Without including any images, repeat the data exactly.

* Provided material:
---*---
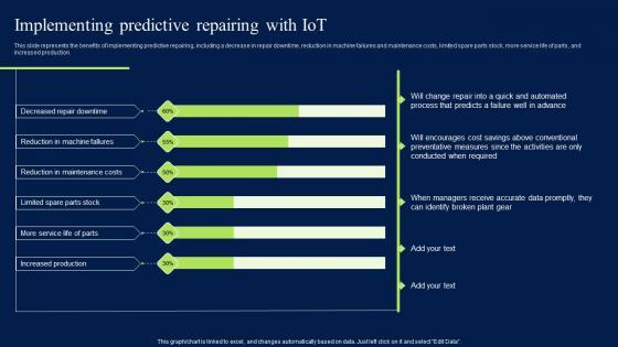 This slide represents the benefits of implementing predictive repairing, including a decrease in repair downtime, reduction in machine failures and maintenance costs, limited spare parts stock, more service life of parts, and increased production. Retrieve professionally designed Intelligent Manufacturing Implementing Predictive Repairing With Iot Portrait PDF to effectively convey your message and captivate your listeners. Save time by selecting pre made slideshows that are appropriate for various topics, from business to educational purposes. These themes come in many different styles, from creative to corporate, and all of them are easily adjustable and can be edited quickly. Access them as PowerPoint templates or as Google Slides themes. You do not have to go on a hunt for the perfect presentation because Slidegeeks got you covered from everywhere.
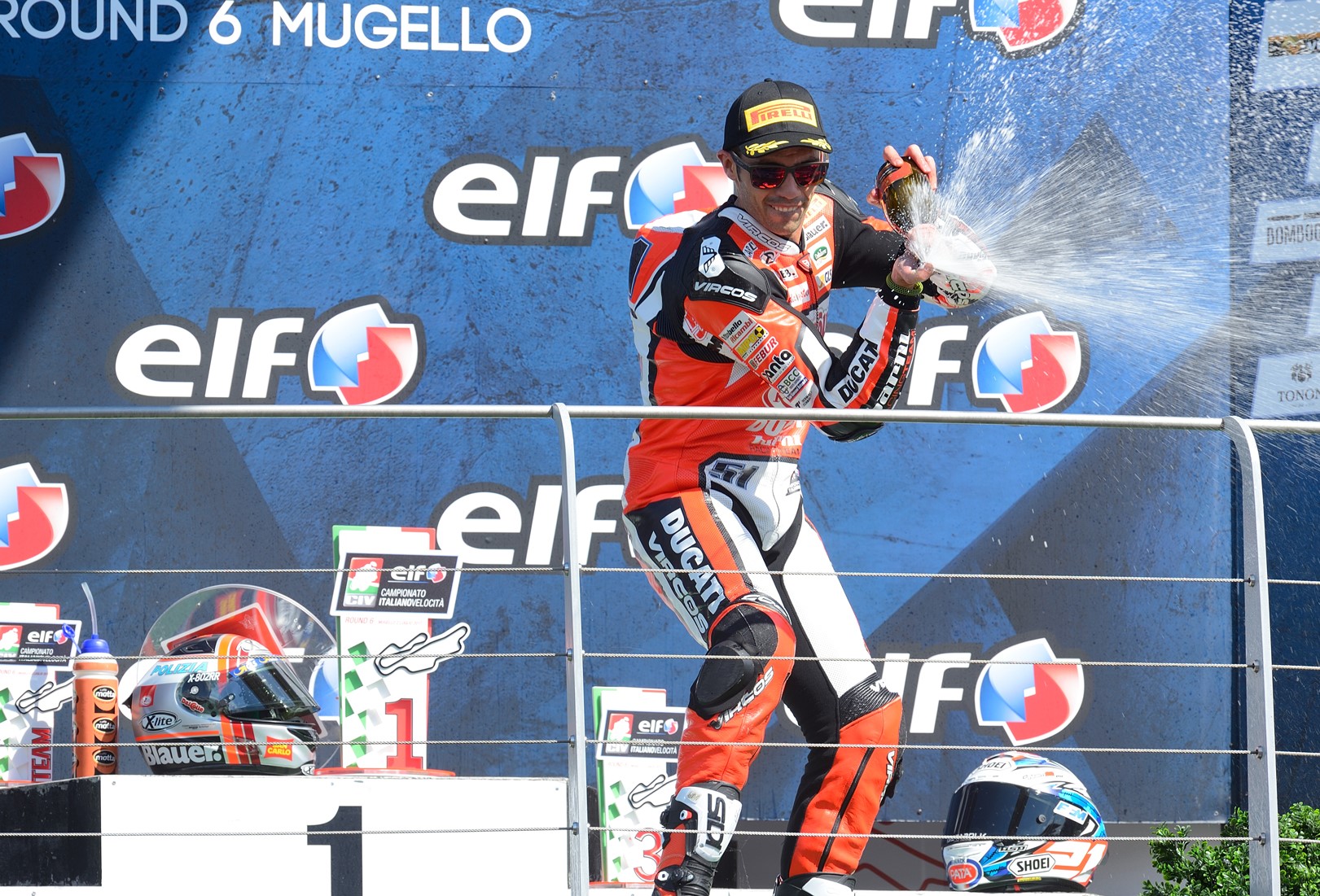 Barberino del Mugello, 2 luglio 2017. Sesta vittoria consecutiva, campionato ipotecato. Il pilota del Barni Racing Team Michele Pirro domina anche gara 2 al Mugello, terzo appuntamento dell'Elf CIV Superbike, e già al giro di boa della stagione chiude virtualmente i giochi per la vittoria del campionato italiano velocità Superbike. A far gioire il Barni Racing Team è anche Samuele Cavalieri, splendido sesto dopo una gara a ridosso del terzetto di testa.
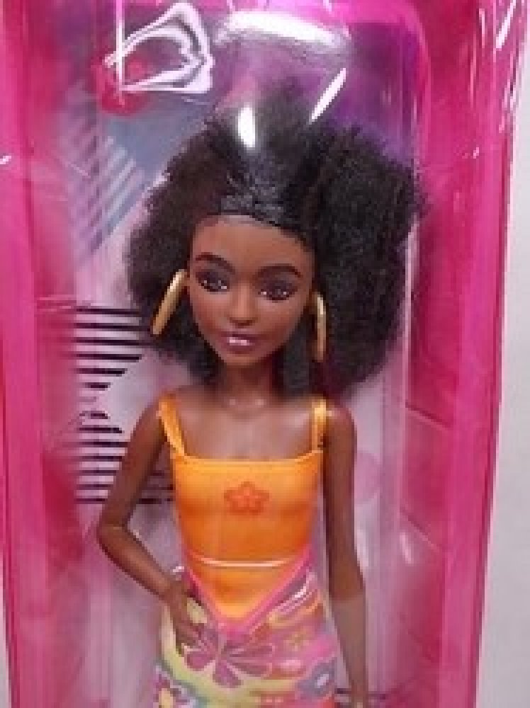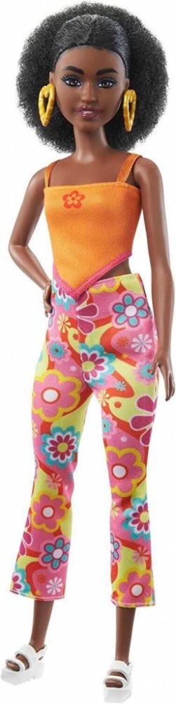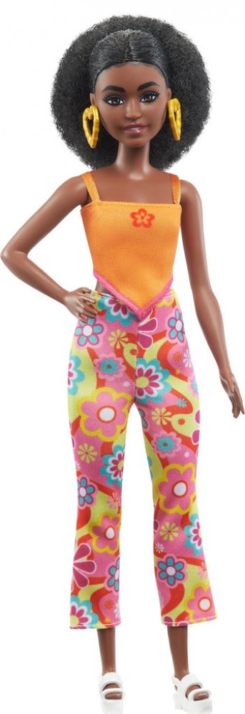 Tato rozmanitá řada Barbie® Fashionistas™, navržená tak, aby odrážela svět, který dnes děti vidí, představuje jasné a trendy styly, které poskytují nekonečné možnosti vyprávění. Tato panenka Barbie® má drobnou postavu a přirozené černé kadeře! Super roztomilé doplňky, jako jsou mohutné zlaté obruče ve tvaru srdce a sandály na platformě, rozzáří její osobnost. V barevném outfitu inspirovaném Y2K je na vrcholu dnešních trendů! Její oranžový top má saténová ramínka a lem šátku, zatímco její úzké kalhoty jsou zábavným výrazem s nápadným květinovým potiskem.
---*---
* Response to the exercise:
 This slide represents the benefits of implementing predictive repairing, including a decrease in repair downtime, reduction in machine failures and maintenance costs, limited spare parts stock, more service life of parts, and increased production. Retrieve professionally designed Intelligent Manufacturing Implementing Predictive Repairing With Iot Portrait PDF to effectively convey your message and captivate your listeners. Save time by selecting pre made slideshows that are appropriate for various topics, from business to educational purposes. These themes come in many different styles, from creative to corporate, and all of them are easily adjustable and can be edited quickly. Access them as PowerPoint templates or as Google Slides themes. You do not have to go on a hunt for the perfect presentation because Slidegeeks got you covered from everywhere.
 Barberino del Mugello, 2 luglio 2017. Sesta vittoria consecutiva, campionato ipotecato. Il pilota del Barni Racing Team Michele Pirro domina anche gara 2 al Mugello, terzo appuntamento dell'Elf CIV Superbike, e già al giro di boa della stagione chiude virtualmente i giochi per la vittoria del campionato italiano velocità Superbike. A far gioire il Barni Racing Team è anche Samuele Cavalieri, splendido sesto dopo una gara a ridosso del terzetto di testa.
 Tato rozmanitá řada Barbie® Fashionistas™, navržená tak, aby odrážela svět, který dnes děti vidí, představuje jasné a trendy styly, které poskytují nekonečné možnosti vyprávění. Tato panenka Barbie® má drobnou postavu a přirozené černé kadeře! Super roztomilé doplňky, jako jsou mohutné zlaté obruče ve tvaru srdce a sandály na platformě, rozzáří její osobnost. V barevném outfitu inspirovaném Y2K je na vrcholu dnešních trendů! Její oranžový top má saténová ramínka a lem šátku, zatímco její úzké kalhoty jsou zábavným výrazem s nápadným květinovým potiskem.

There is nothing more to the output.